◆ **What you will do**
Exactly the lines from the one containing "Why Choose Mens" through the end of the listing must make up the answer, with no pictures included.

◆ **Recorded information**
......

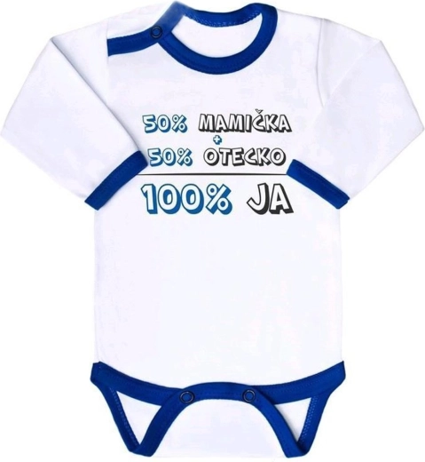 Adorable body en coton à manches longues de la marque New Baby avec l’inscription amusante 50 % MAMAN + 50 % PAPA – 100 % MOI. Fabriqué en 100 % coton pour une douceur et un confort optimal pour bébé, avec un pratique système de fermeture par pressions à l’épaule et entre les jambes pour un habillage et un change faciles. Les couleurs d’impression certifiées sont douces et adaptées aux enfants.
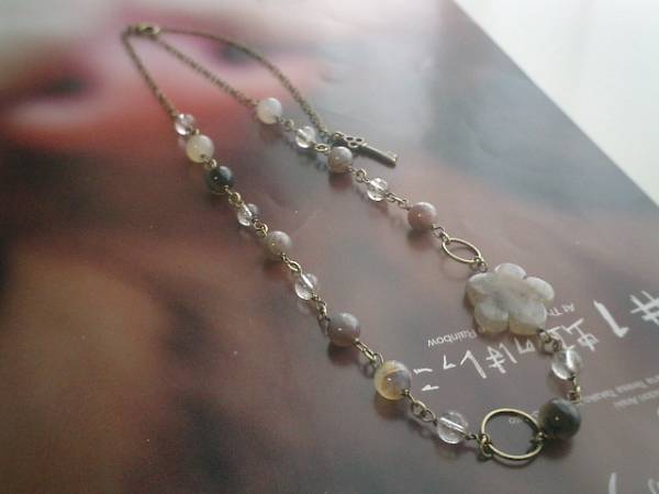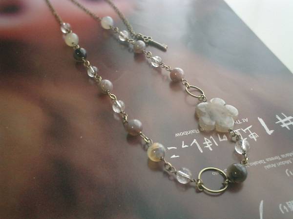 私的・乙女心・・シリーズです♪秋のクローゼット・・シックなモノトーンのネックレスです♪ニュアンスのある石を集めて大人のロマンチックしています♪モスアゲートのお花は20ミリ位、スモーキークォーツは6ミリの丸玉、ボツワナアゲートは8ミリの丸玉です♪長さは全長60センチ位で調節自由です♪チョーカー風にされても素敵です♪お揃いのブレスレットやイヤリングも出品しています♪♪シンプルでいつまでも着けられるデザインを考えて作りました!ハンドメイドをご理解頂いてノークレーム、ノーリターンでお願いします
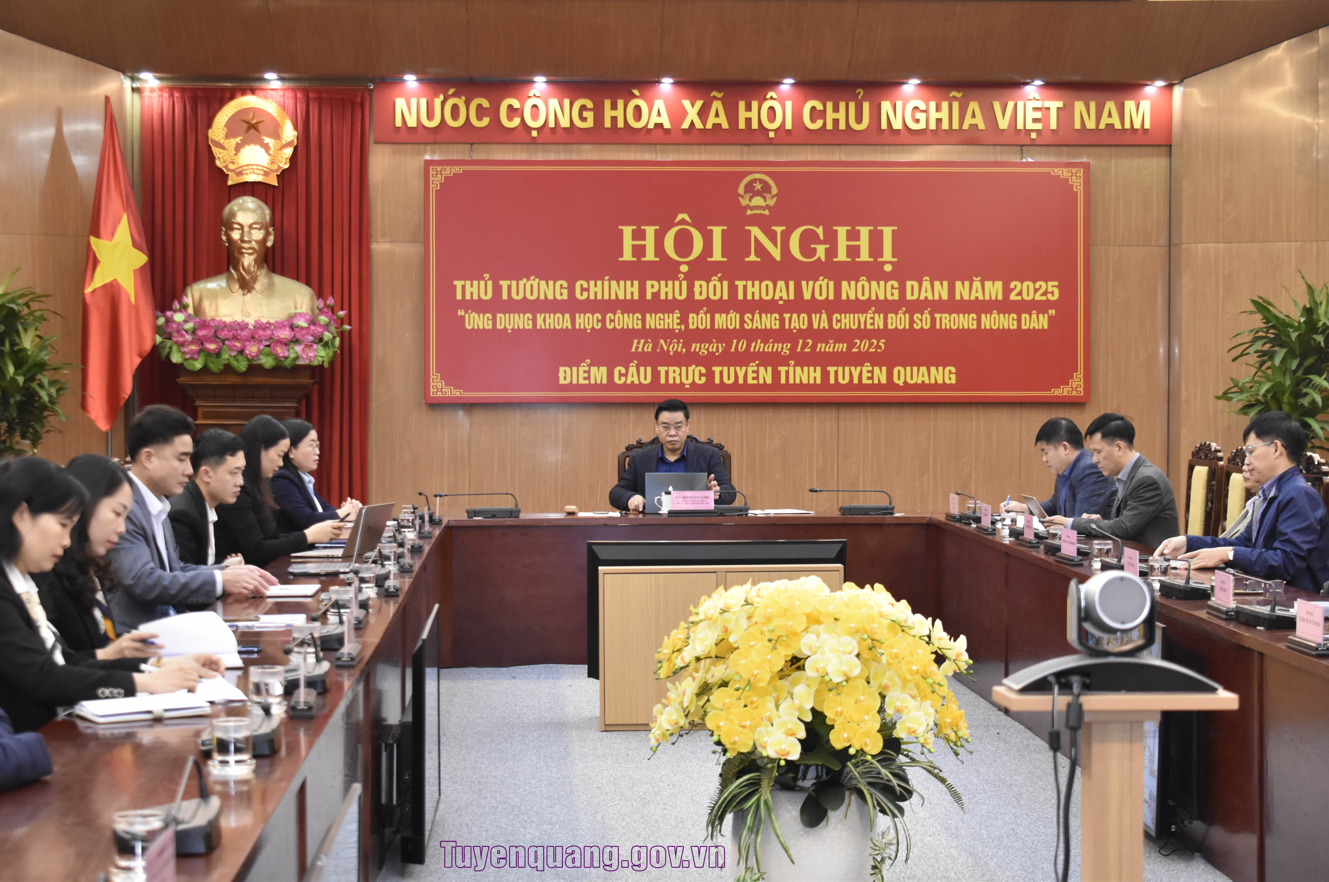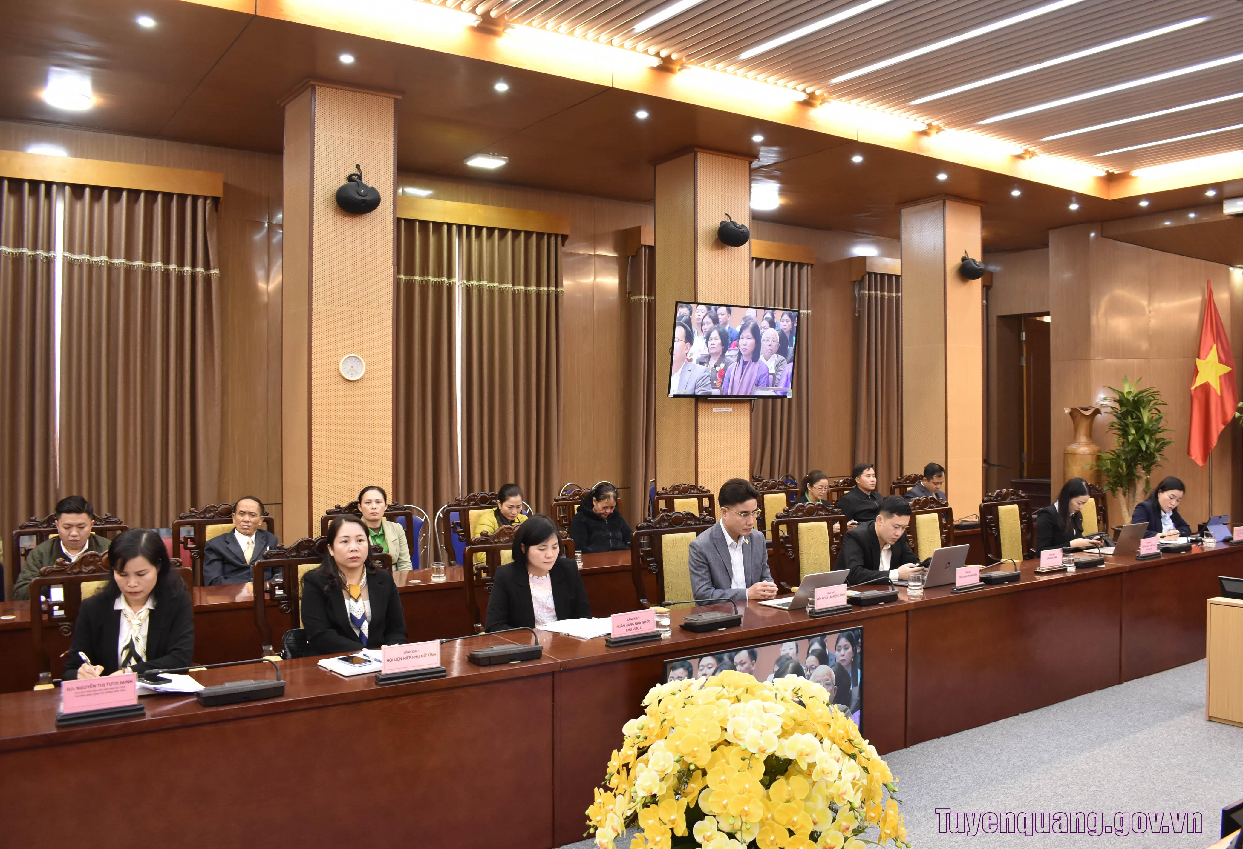Đồng chí Hoàng Gia Long, Ủy viên Ban Thường vụ Tỉnh ủy, Phó Chủ tịch UBND tỉnh dự và chủ trì hội nghị tại điểm cầu Tuyên Quang.
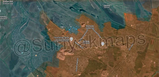 Moving southwest to the southern edge of the Toretsk front and the Ocheretyne front, Russia has continued to press the attack in a number of area. Going clockwise, a few Russian troops made a minor advance north of Sukha Balka, taking over part of a treeline. This group is likely looking for openings to push west north of the village in an attempt to cut them off.
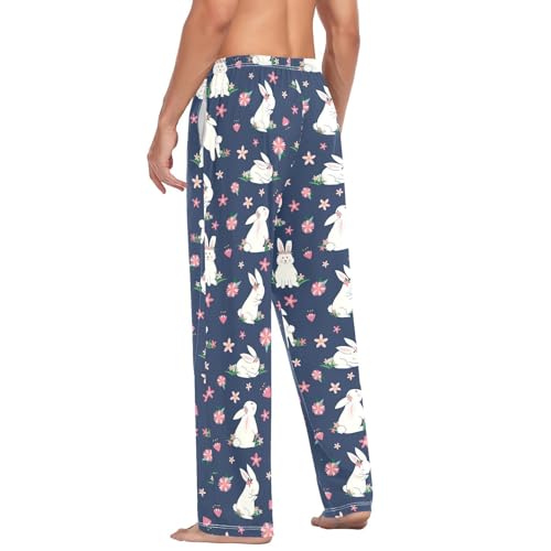 Why Choose Mens Cotton Pajama Pants with Pockets Bunny Easter Flowers Rabbit gentle Lounge Sleep PJ Pants Men Drawstring?
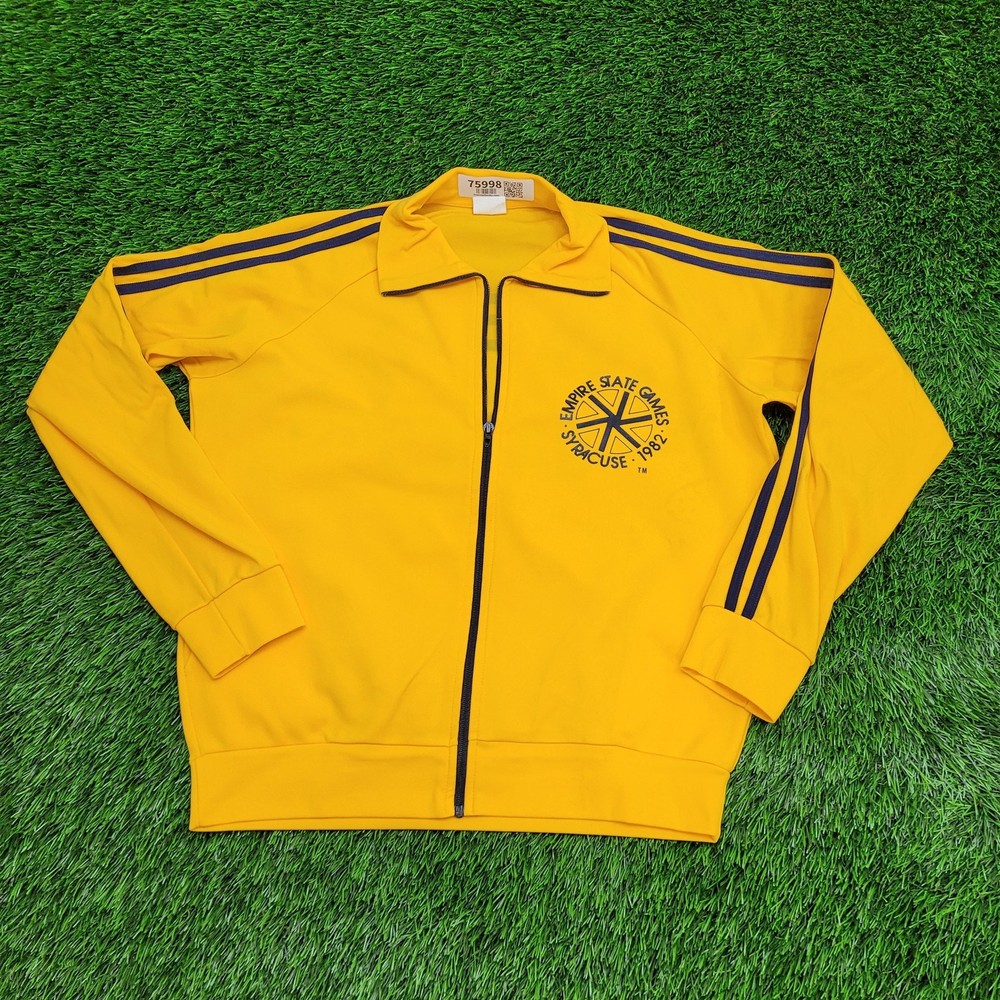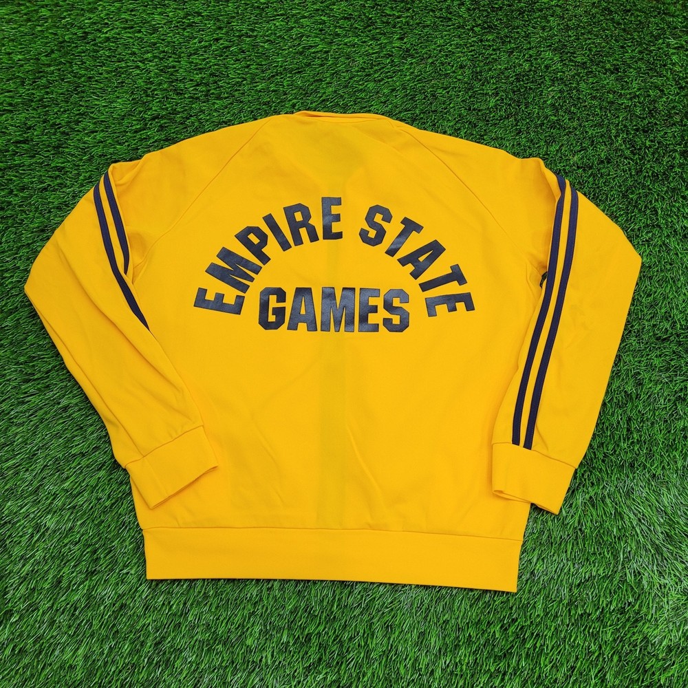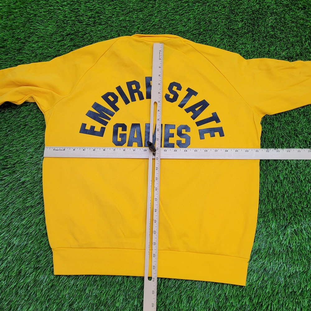 <![CDATA[<div>Vintage 1982 Empire State Games Track Jacket Womens L 21x24 Step into sports history with this vintage 1982 Empire State Games track jacket in Women's Large. Featuring a vibrant yellow design, perfect for retro sportswear and Syracuse fans! * Used condition * No rips/holes * Stains (see picture and zoom in to see size/location) * Normal fading from washing * Normal cracking on the graphic VINTAGE 1982 EMPIRE STATE GAMES TRACK JACKET, WOMEN'S LARGE YELLOW JACKET, 21X24 VINTAGE TRACK JACKET, RETRO SYRACUSE APPAREL, VINTAGE SPORTS JACKET, LARGE EMPIRE STATE GAMES JACKET, YELLOW TRACK JACKET, RETRO 80S FASHION, VINTAGE SPORTSWEAR, EMPIRE STATE GAMES CLOTHING 75998
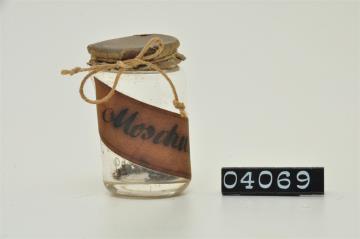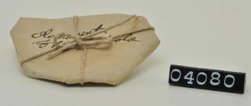 Graues Papierpäckchen mit Schnur zugebunden. Beinhaltet gepulverte Kräuterdroge. Papier von einem Buchhaltungsjournal(?)
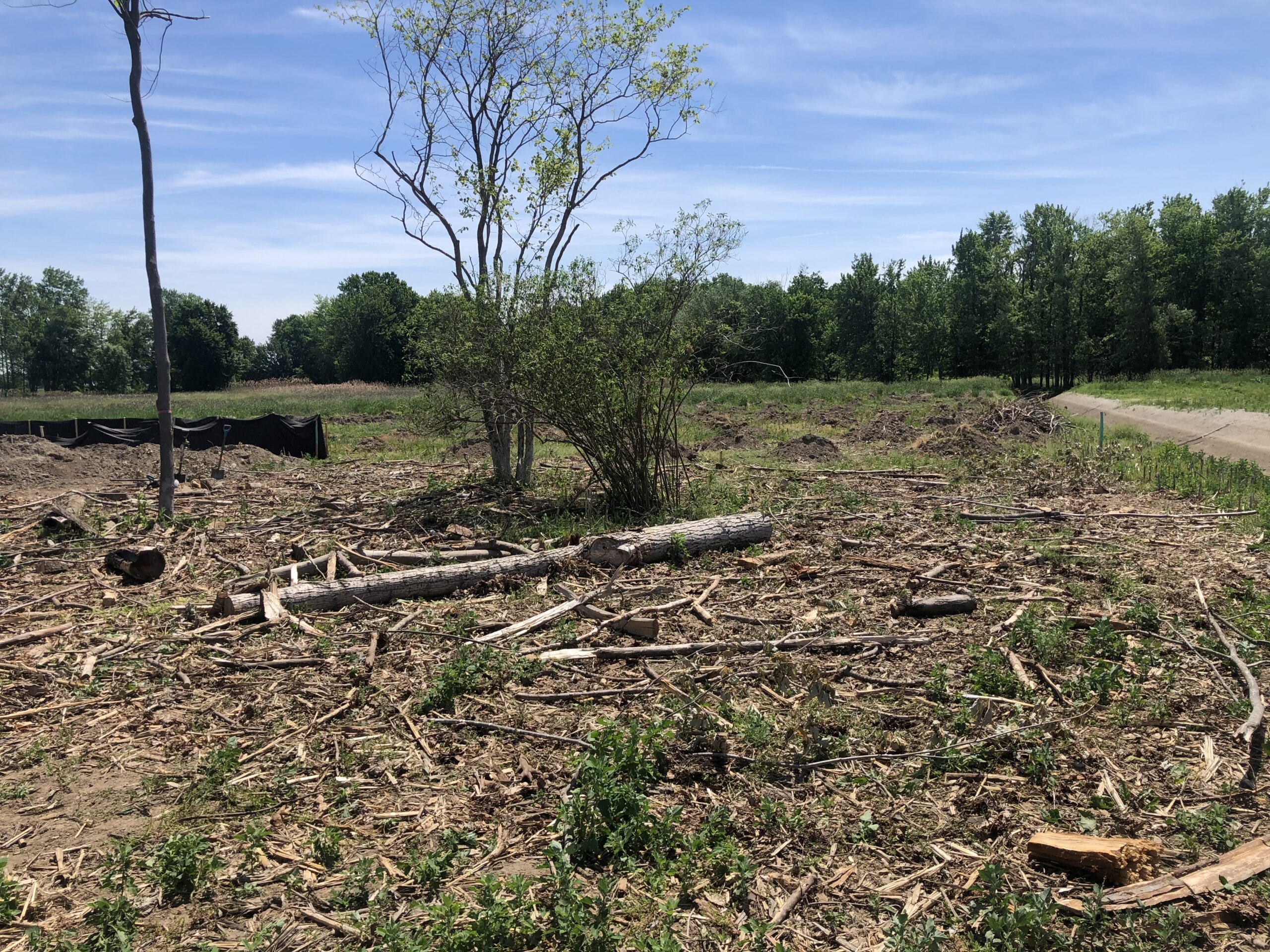 Application de legs biologiques (matière organique: bois, feuilles, terre), issus des milieux déboisés, à l’intérieur des parcelles où les arbres de gros calibre ont été transplantés (côté ouest de la rivière aux Brochets).

......

◆ **Exercise answer**
 Why Choose Mens Cotton Pajama Pants with Pockets Bunny Easter Flowers Rabbit gentle Lounge Sleep PJ Pants Men Drawstring?
 <![CDATA[<div>Vintage 1982 Empire State Games Track Jacket Womens L 21x24 Step into sports history with this vintage 1982 Empire State Games track jacket in Women's Large. Featuring a vibrant yellow design, perfect for retro sportswear and Syracuse fans! * Used condition * No rips/holes * Stains (see picture and zoom in to see size/location) * Normal fading from washing * Normal cracking on the graphic VINTAGE 1982 EMPIRE STATE GAMES TRACK JACKET, WOMEN'S LARGE YELLOW JACKET, 21X24 VINTAGE TRACK JACKET, RETRO SYRACUSE APPAREL, VINTAGE SPORTS JACKET, LARGE EMPIRE STATE GAMES JACKET, YELLOW TRACK JACKET, RETRO 80S FASHION, VINTAGE SPORTSWEAR, EMPIRE STATE GAMES CLOTHING 75998
 Graues Papierpäckchen mit Schnur zugebunden. Beinhaltet gepulverte Kräuterdroge. Papier von einem Buchhaltungsjournal(?)
 Application de legs biologiques (matière organique: bois, feuilles, terre), issus des milieux déboisés, à l’intérieur des parcelles où les arbres de gros calibre ont été transplantés (côté ouest de la rivière aux Brochets).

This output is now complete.